* _YOUR INSTRUCTIONS_:
Leaving the pictures out, print the lines from the first line of the listing through the line containing "acidentes acontecem devido", exactly as they read, and no others.

-----

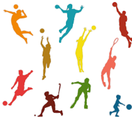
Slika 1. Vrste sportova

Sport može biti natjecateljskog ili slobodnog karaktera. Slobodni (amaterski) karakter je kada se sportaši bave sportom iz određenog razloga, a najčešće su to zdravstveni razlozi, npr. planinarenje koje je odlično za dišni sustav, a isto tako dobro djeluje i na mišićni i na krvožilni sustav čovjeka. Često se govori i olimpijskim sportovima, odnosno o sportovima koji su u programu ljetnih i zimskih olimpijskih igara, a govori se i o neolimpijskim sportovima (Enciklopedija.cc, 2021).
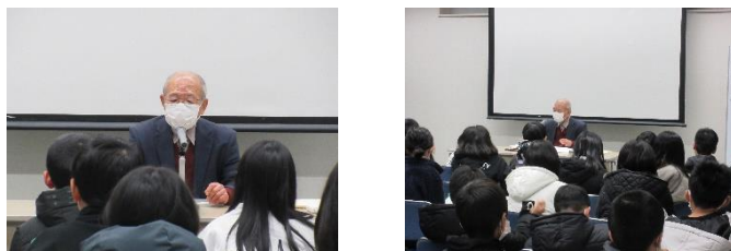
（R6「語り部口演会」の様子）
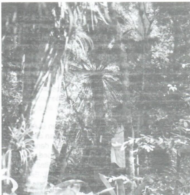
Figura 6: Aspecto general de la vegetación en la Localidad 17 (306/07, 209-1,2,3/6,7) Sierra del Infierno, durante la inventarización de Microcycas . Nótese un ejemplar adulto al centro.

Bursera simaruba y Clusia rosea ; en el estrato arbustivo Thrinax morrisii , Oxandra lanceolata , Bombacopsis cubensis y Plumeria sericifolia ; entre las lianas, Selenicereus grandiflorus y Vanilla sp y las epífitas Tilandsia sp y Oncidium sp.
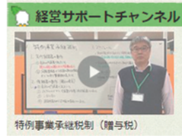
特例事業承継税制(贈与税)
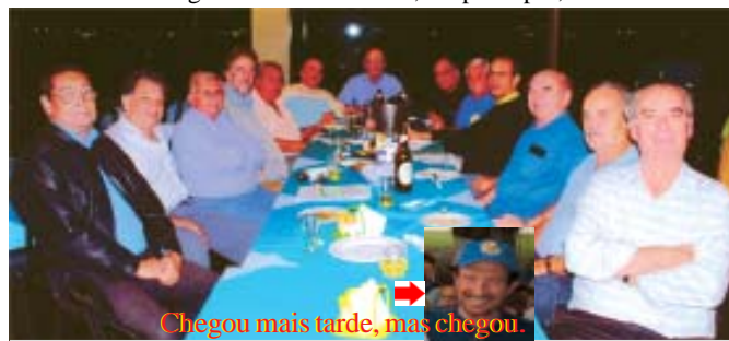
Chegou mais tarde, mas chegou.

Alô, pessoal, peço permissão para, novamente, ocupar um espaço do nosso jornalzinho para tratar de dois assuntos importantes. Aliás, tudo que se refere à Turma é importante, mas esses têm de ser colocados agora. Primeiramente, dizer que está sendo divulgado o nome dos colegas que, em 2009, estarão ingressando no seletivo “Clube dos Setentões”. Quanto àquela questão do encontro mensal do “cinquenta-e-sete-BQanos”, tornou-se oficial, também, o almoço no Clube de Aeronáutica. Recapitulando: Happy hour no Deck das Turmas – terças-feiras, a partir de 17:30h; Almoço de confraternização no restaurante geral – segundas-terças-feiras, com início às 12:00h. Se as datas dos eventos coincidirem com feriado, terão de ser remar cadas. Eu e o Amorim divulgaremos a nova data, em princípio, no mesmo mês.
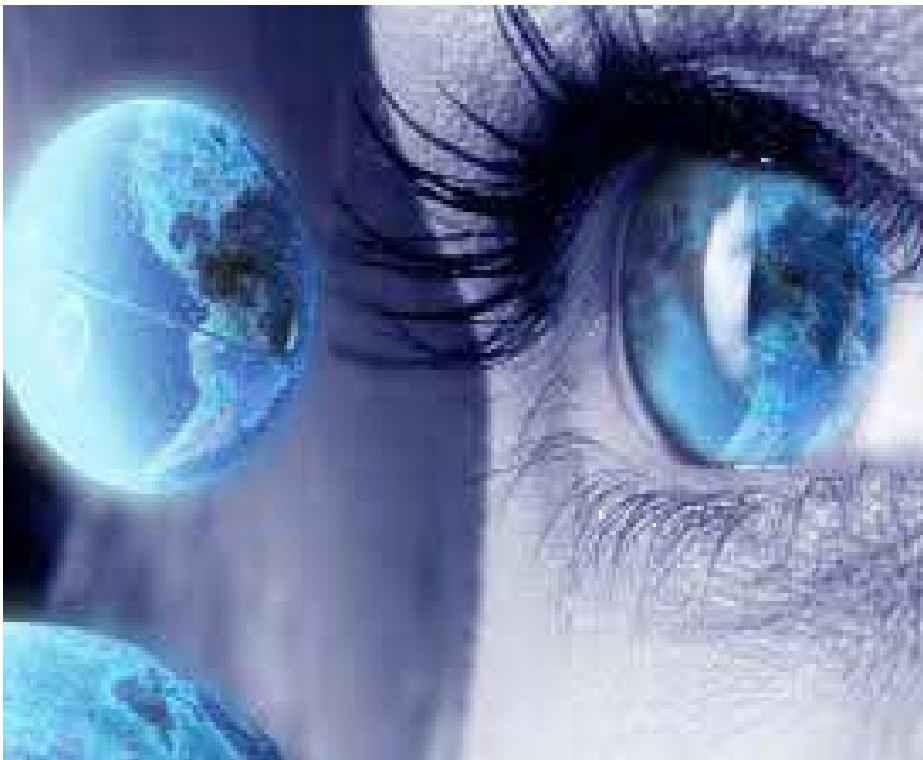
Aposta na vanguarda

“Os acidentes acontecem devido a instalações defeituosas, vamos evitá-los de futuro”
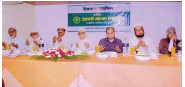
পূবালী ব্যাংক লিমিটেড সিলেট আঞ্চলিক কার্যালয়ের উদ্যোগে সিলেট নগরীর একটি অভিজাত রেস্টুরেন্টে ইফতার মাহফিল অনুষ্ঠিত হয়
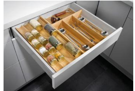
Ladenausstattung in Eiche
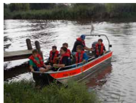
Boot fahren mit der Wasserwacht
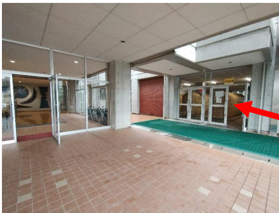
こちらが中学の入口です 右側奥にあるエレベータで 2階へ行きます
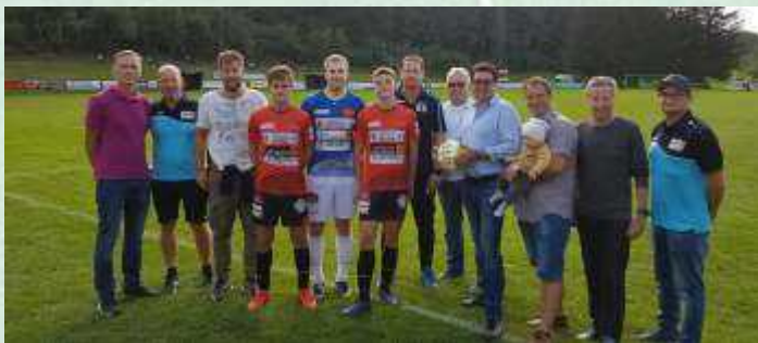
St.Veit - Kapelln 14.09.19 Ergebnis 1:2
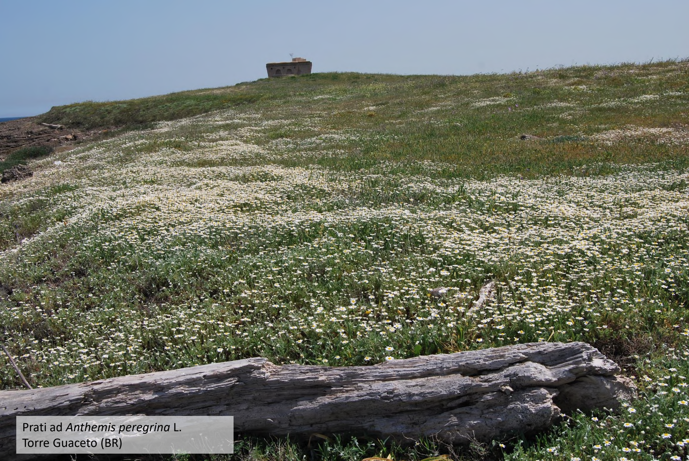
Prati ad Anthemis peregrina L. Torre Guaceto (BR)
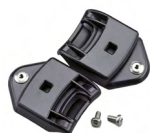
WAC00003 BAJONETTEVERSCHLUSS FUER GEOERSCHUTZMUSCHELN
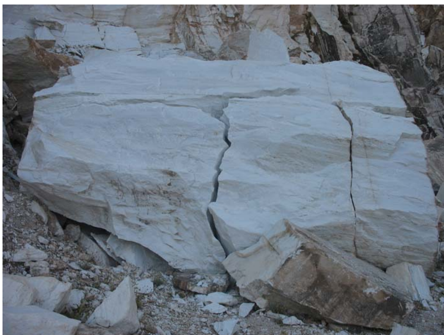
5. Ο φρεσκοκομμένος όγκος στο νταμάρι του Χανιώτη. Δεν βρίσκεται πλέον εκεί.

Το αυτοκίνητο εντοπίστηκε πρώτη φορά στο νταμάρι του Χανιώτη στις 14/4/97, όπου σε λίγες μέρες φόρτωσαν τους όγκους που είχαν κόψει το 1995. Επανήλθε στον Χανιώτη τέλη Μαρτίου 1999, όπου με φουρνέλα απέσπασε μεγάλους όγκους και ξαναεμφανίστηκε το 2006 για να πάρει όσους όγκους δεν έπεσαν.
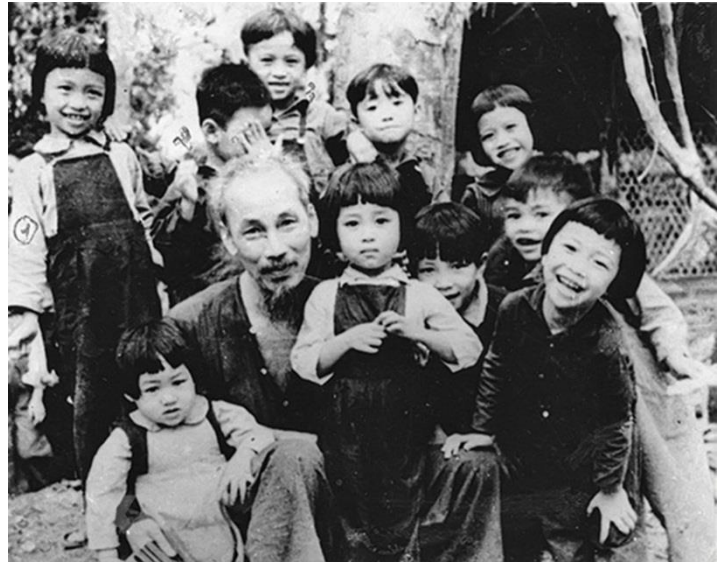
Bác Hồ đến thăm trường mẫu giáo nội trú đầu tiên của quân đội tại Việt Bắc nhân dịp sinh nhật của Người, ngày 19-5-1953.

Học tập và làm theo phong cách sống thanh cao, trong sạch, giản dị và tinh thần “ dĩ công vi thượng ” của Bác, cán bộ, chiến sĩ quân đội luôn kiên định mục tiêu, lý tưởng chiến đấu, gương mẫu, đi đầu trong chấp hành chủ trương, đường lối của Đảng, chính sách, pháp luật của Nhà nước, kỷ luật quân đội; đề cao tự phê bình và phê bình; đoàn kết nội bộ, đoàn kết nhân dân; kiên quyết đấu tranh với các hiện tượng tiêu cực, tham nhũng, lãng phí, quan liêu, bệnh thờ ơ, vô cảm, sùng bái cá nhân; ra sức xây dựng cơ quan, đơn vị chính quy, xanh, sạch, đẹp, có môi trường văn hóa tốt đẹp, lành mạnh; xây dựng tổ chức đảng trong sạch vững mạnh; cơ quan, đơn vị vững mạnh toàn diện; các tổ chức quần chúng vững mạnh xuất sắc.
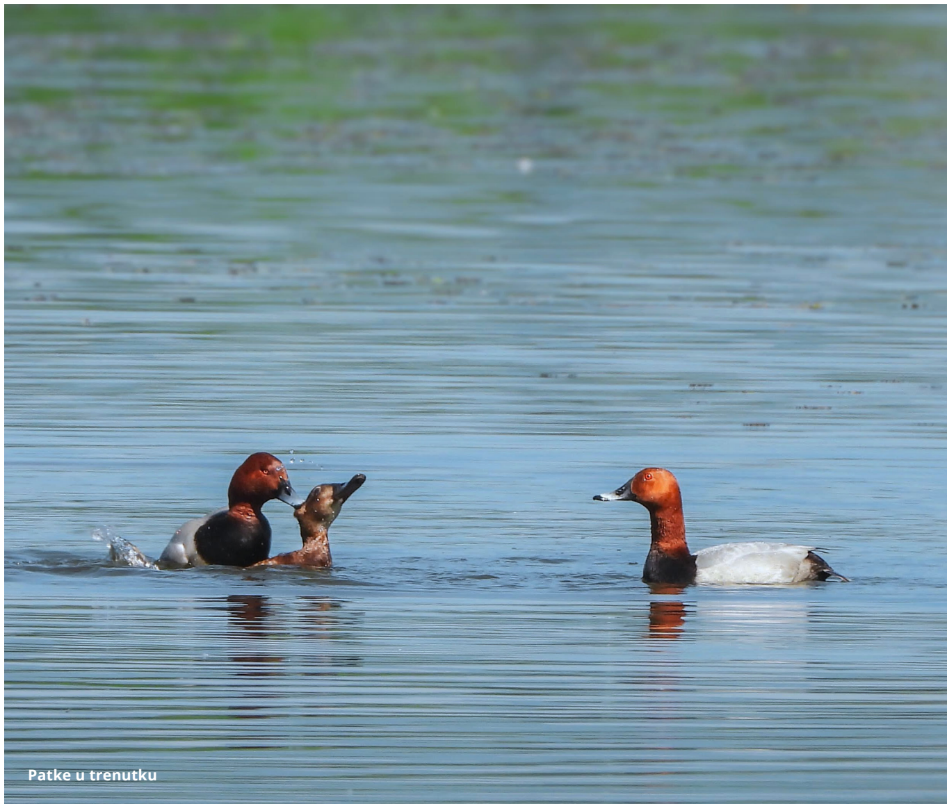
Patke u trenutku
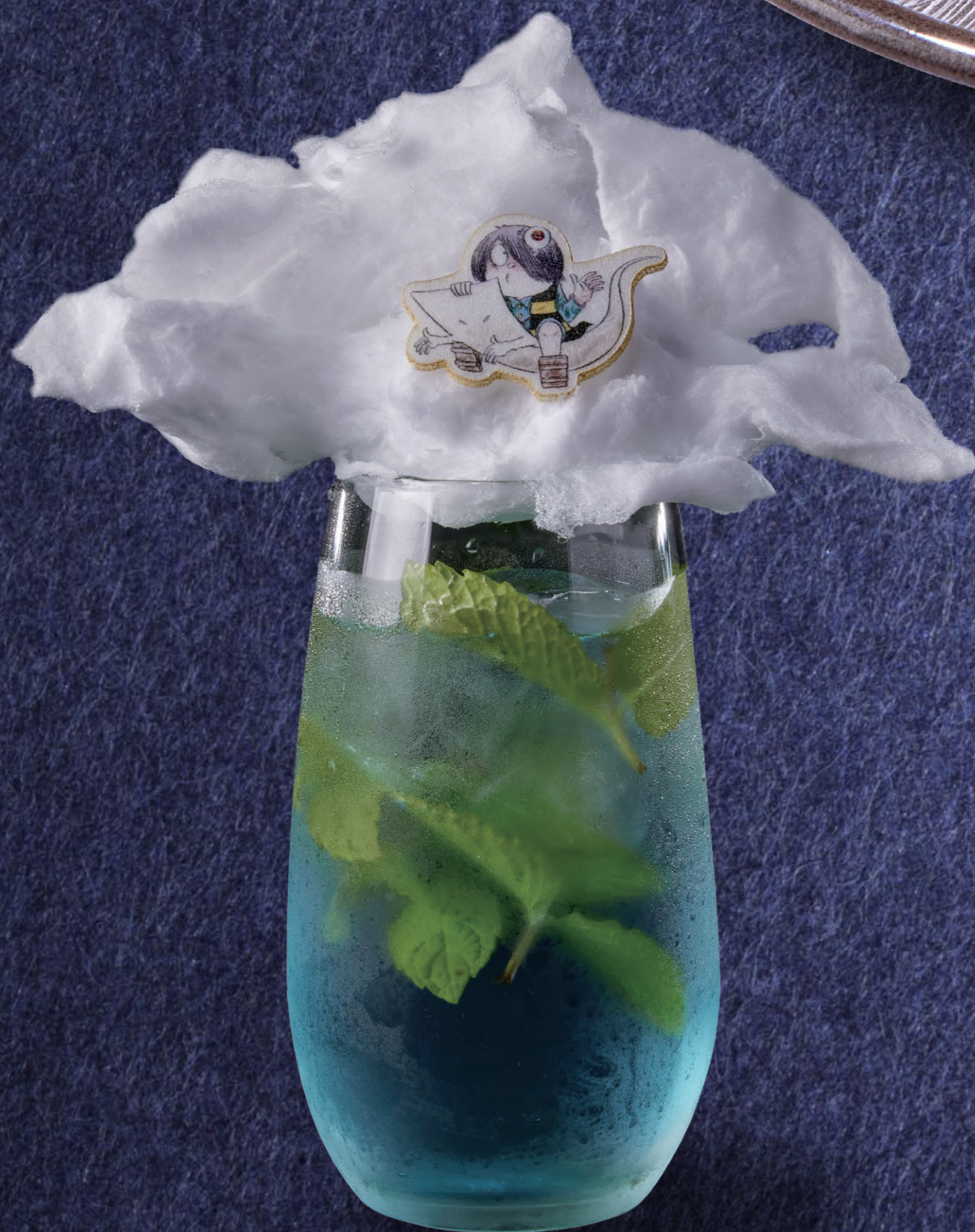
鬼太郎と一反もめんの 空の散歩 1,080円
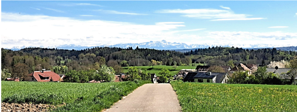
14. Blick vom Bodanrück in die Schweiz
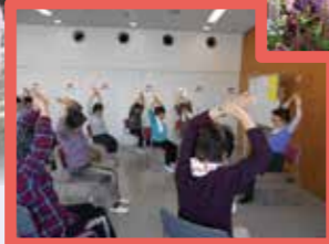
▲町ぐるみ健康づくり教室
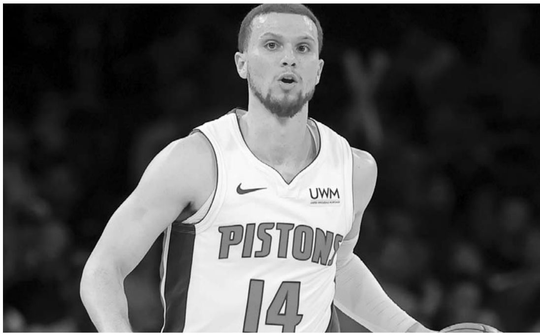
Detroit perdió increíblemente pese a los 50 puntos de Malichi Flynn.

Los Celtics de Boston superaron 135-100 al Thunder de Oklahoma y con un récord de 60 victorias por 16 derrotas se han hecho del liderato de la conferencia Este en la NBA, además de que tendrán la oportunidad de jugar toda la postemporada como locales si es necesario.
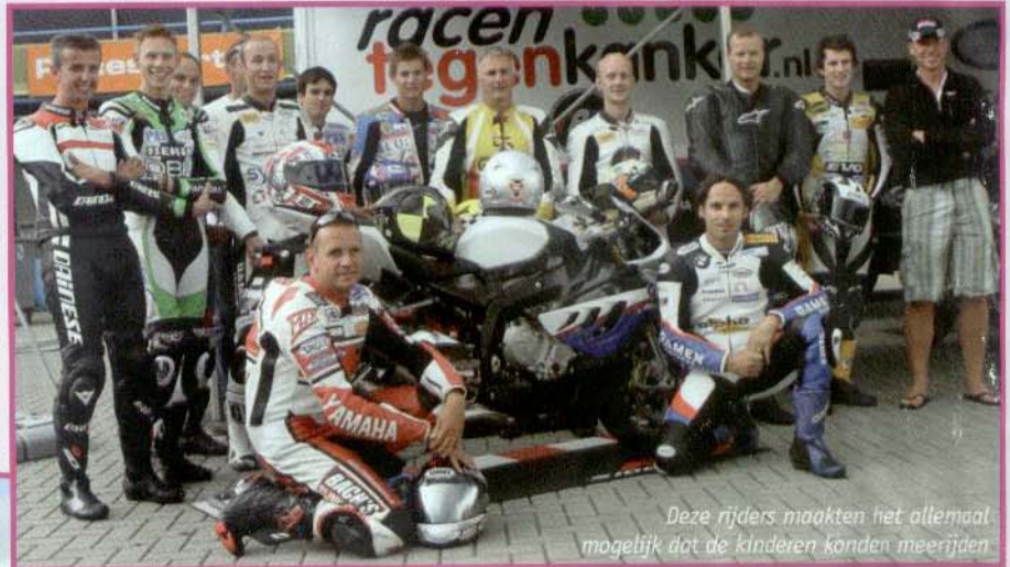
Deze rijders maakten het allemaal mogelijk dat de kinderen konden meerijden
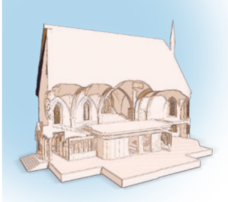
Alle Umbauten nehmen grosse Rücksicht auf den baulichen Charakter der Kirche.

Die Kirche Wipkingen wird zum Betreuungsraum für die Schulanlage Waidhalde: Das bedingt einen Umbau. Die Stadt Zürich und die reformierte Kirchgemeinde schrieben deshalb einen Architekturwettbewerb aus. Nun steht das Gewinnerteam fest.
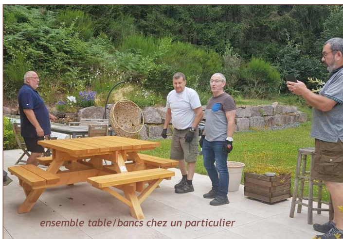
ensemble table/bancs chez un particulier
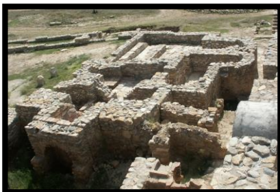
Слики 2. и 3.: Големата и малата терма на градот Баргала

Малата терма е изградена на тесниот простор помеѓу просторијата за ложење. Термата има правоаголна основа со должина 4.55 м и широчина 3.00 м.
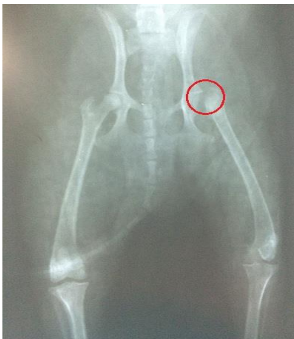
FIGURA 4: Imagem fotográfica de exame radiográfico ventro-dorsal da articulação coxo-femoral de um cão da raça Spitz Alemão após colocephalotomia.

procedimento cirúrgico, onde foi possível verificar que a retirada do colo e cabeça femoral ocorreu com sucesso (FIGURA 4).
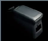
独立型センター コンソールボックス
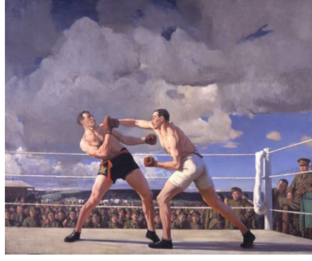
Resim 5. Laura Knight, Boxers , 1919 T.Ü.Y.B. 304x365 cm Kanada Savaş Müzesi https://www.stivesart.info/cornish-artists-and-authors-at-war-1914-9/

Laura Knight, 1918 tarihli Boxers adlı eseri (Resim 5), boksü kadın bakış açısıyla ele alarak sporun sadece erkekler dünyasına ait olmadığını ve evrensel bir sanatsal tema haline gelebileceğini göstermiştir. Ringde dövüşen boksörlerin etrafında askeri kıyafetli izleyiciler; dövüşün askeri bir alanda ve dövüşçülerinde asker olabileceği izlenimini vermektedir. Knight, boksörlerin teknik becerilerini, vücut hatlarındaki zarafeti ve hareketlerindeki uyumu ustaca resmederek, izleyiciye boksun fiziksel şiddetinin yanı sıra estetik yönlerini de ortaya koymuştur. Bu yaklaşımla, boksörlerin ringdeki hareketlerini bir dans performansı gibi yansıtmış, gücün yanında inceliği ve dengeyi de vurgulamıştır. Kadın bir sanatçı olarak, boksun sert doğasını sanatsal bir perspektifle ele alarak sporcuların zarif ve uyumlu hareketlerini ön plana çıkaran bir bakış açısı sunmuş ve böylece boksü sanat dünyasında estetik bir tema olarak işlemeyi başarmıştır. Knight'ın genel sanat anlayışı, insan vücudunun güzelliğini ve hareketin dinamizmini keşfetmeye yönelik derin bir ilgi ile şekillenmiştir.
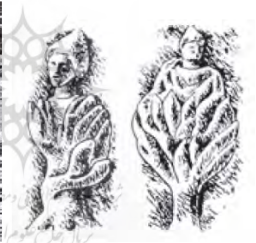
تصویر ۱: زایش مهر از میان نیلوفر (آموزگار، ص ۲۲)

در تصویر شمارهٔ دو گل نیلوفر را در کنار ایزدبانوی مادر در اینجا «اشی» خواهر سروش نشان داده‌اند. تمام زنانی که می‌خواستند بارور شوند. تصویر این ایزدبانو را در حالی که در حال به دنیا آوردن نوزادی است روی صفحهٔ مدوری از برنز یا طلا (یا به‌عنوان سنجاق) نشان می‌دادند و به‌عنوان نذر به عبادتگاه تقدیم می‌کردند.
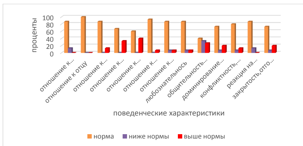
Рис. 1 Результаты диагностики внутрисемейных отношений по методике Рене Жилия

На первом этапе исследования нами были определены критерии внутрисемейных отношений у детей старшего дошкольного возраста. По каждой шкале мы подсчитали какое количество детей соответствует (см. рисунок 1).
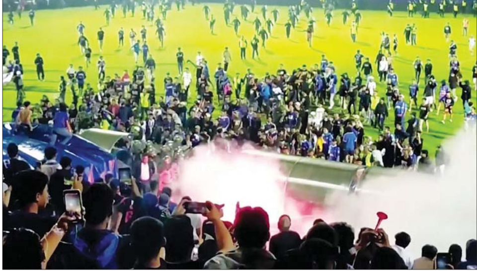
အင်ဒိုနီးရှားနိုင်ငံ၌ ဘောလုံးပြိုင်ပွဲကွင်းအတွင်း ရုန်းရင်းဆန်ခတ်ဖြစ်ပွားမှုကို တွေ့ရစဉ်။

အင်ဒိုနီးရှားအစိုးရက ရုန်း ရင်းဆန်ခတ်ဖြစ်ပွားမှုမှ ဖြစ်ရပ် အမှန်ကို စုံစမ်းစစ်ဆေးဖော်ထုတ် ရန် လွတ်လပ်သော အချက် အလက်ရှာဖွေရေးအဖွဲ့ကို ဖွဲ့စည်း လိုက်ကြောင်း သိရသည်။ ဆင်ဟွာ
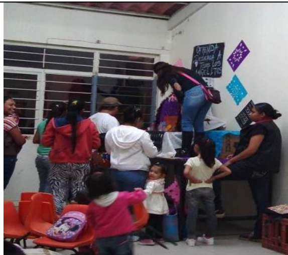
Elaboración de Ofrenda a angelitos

-----

* _TASK OUTPUT_:
Slika 1. Vrste sportova

Sport može biti natjecateljskog ili slobodnog karaktera. Slobodni (amaterski) karakter je kada se sportaši bave sportom iz određenog razloga, a najčešće su to zdravstveni razlozi, npr. planinarenje koje je odlično za dišni sustav, a isto tako dobro djeluje i na mišićni i na krvožilni sustav čovjeka. Često se govori i olimpijskim sportovima, odnosno o sportovima koji su u programu ljetnih i zimskih olimpijskih igara, a govori se i o neolimpijskim sportovima (Enciklopedija.cc, 2021).
（R6「語り部口演会」の様子）
Figura 6: Aspecto general de la vegetación en la Localidad 17 (306/07, 209-1,2,3/6,7) Sierra del Infierno, durante la inventarización de Microcycas . Nótese un ejemplar adulto al centro.

Bursera simaruba y Clusia rosea ; en el estrato arbustivo Thrinax morrisii , Oxandra lanceolata , Bombacopsis cubensis y Plumeria sericifolia ; entre las lianas, Selenicereus grandiflorus y Vanilla sp y las epífitas Tilandsia sp y Oncidium sp.
特例事業承継税制(贈与税)
Chegou mais tarde, mas chegou.

Alô, pessoal, peço permissão para, novamente, ocupar um espaço do nosso jornalzinho para tratar de dois assuntos importantes. Aliás, tudo que se refere à Turma é importante, mas esses têm de ser colocados agora. Primeiramente, dizer que está sendo divulgado o nome dos colegas que, em 2009, estarão ingressando no seletivo “Clube dos Setentões”. Quanto àquela questão do encontro mensal do “cinquenta-e-sete-BQanos”, tornou-se oficial, também, o almoço no Clube de Aeronáutica. Recapitulando: Happy hour no Deck das Turmas – terças-feiras, a partir de 17:30h; Almoço de confraternização no restaurante geral – segundas-terças-feiras, com início às 12:00h. Se as datas dos eventos coincidirem com feriado, terão de ser remar cadas. Eu e o Amorim divulgaremos a nova data, em princípio, no mesmo mês.
Aposta na vanguarda

“Os acidentes acontecem devido a instalações defeituosas, vamos evitá-los de futuro”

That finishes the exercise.